Work to complete ->
Nothing but the lines from the first line of the material below through the line that holds "出産は33週での計画帝王切開" should be set down, exactly and with pictures left out.

Exercise data ->

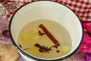 3. Приготовим сахарный сироп со специями. Для этого в воду добавим сахар, очищенный и нарезанный пластинами корень имбиря, звездочки бадьяна и палочки корицы. Вскипятим и дадим провариться 1-2 минуты на слабом огне. Горячий сироп снимем с плиты.
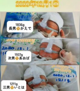 出産は33週での計画帝王切開。肺が未熟かもしれないと言われ「産声を聞かせてくれるかな?」と不安でしたが、3人とも元気な声をあげ、涙があふれたといいます。
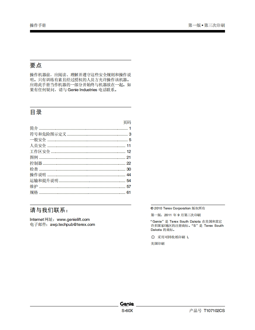 GENIE吉尼-序列号范围–60X-S6010-21000之后曲臂吊高空作业平台操作说明书手册找手册网19小时前发布关注私信2.84MB65页032GENIE吉尼-序列号范围–60X-S6010-21000之后曲臂吊高空作业平台操作说明书手册此内容为付费资源,请付费后查看¥19¥21黄金会员免费钻石会员免费立即购买您当前未登录!建议登陆后购买,可保存购买订单付费资源 第1页 / 共65页 第2页 / 共65页 第3页 / 共65页 第4页 / 共65页 第5页 / 共65页 第6页 / 共65页 第7页 / 共65页 第8页 / 共65页 第9页 / 共65页 第10页 / 共65页 试读已结束,还剩55页,您可下载完整版后进行离线阅读 THE ENDGENIE 文本预览 GenieA TEREX BRAND操作手册序列号范围S-60Xs6010-21000之后ANSI/CSANorth AmericaSouth AmericaAsia包括维修信息First EditionThird PrintingPart No.T107102CS 查看更多 收起部分 喜欢就支持一下吧收藏
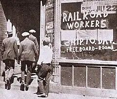Attempts by state and federal authorities to impose order proved to be an accelerant to the physical nature of the conflict. In the initial phase of the conflict, strikers attempted to set up pickets to close down railroad roundhouses and repair shops.[9] Private guards and law enforcement authorities were quick to remove strikers from private property, however, and with the strikebreakers frequently domiciled on the job site, new and more-violent tactics were used, including the issuance of physical threats, the vandalism of strikebreakers' homes, the destruction of railroad property, and instances of physical violence against strikebreakers.[9]

Your response ->
 3. Приготовим сахарный сироп со специями. Для этого в воду добавим сахар, очищенный и нарезанный пластинами корень имбиря, звездочки бадьяна и палочки корицы. Вскипятим и дадим провариться 1-2 минуты на слабом огне. Горячий сироп снимем с плиты.
 出産は33週での計画帝王切開。肺が未熟かもしれないと言われ「産声を聞かせてくれるかな?」と不安でしたが、3人とも元気な声をあげ、涙があふれたといいます。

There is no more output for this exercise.